Une de vos phrases m’a fait longtemps rêver ; c’est celle où vous parlez de contacts plus intimes entre l’usine et moi qui pourraient peut-être être organisés un jour. Avez-vous quelque chose de concret dans l’esprit, en vous exprimant de la sorte ? Si oui, j’espère que vous m’en ferez part. Je me demande si vous désirez seulement, par pure générosité à mon égard, me donner des moyens de m’instruire, de compléter, préciser et rectifier mes vues trop sommaires et sans doute partiellement fausses sur l’organisation industrielle ; ou bien si vous pensez que je pourrais être éventuellement capable de me rendre utile, autrement que de la manière que je vous avais suggérée. Pour moi, je n’ai jusqu’à ce jour aucune raison d’avoir confiance dans mes propres capacités ; mais si vous aviez dans l’esprit une manière quelconque de les mettre à l’épreuve, dans l’intérêt de la population ouvrière, sur la base de quelques idées sur lesquelles, en dépit des divergences, nous serions au préalable arrivés à nous mettre d’accord, cela mériterait réflexion de ma part.

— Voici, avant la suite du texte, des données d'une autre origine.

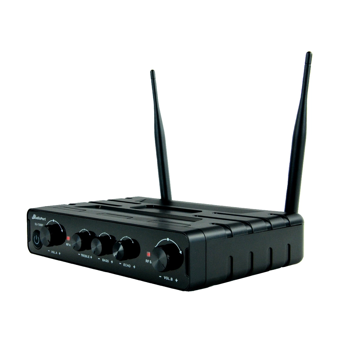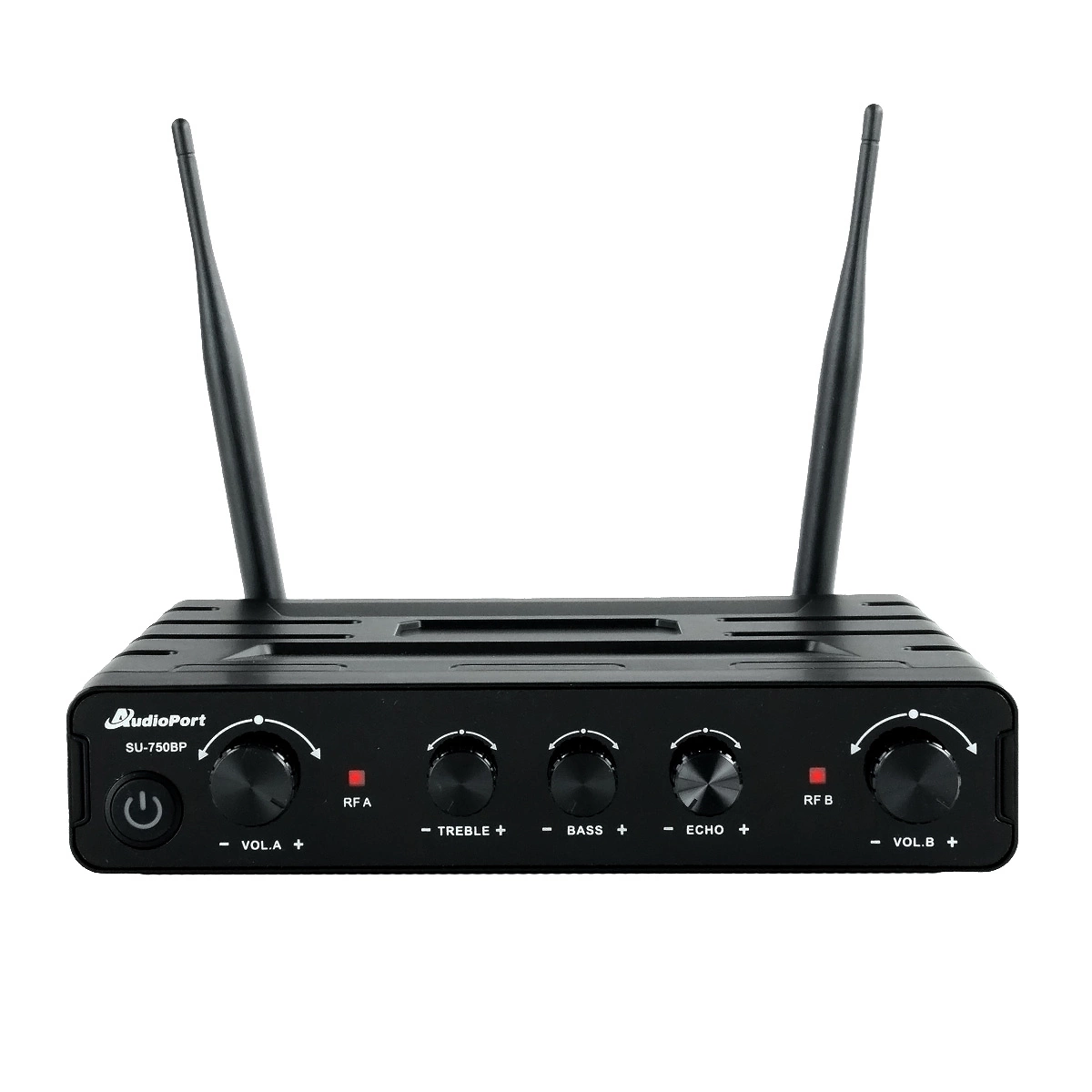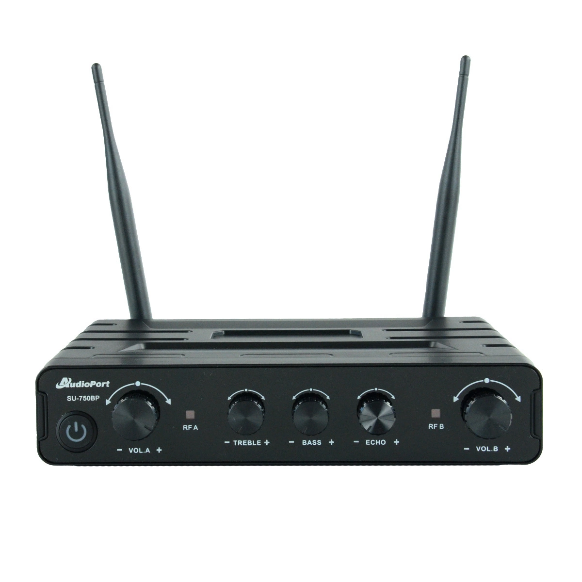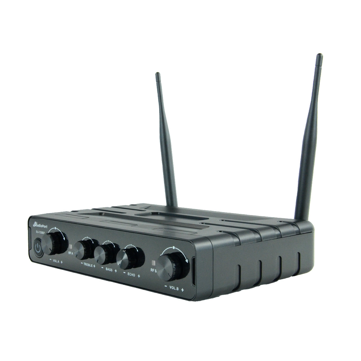 - W zestawie: 2x mikrofon nagłowny UHF, 2x bodypack, 2x krawatowy, stacja, kabel jack 6,3mm, zasilacz, 4x bateria R6 1,5V,

Nous parlerons de tout cela et de bien d’autres choses jeudi, si vous le voulez bien. Si vendredi vous convient mieux, vous n’avez qu’à m’en avertir et je m’y conformerai.

Bien cordialement.

S. Weil.




Monsieur[1],

Il ne m’est pas encore possible de vous fixer une date. Mais, en attendant, j’ai été si touchée de la générosité dont vous faites preuve à mon égard — en me recevant, en répondant à mes questions, en m’ouvrant votre usine comme vous faites, que j’ai résolu de vous faire de la copie, de

  1. Non datée (avril-mai 1936 ?).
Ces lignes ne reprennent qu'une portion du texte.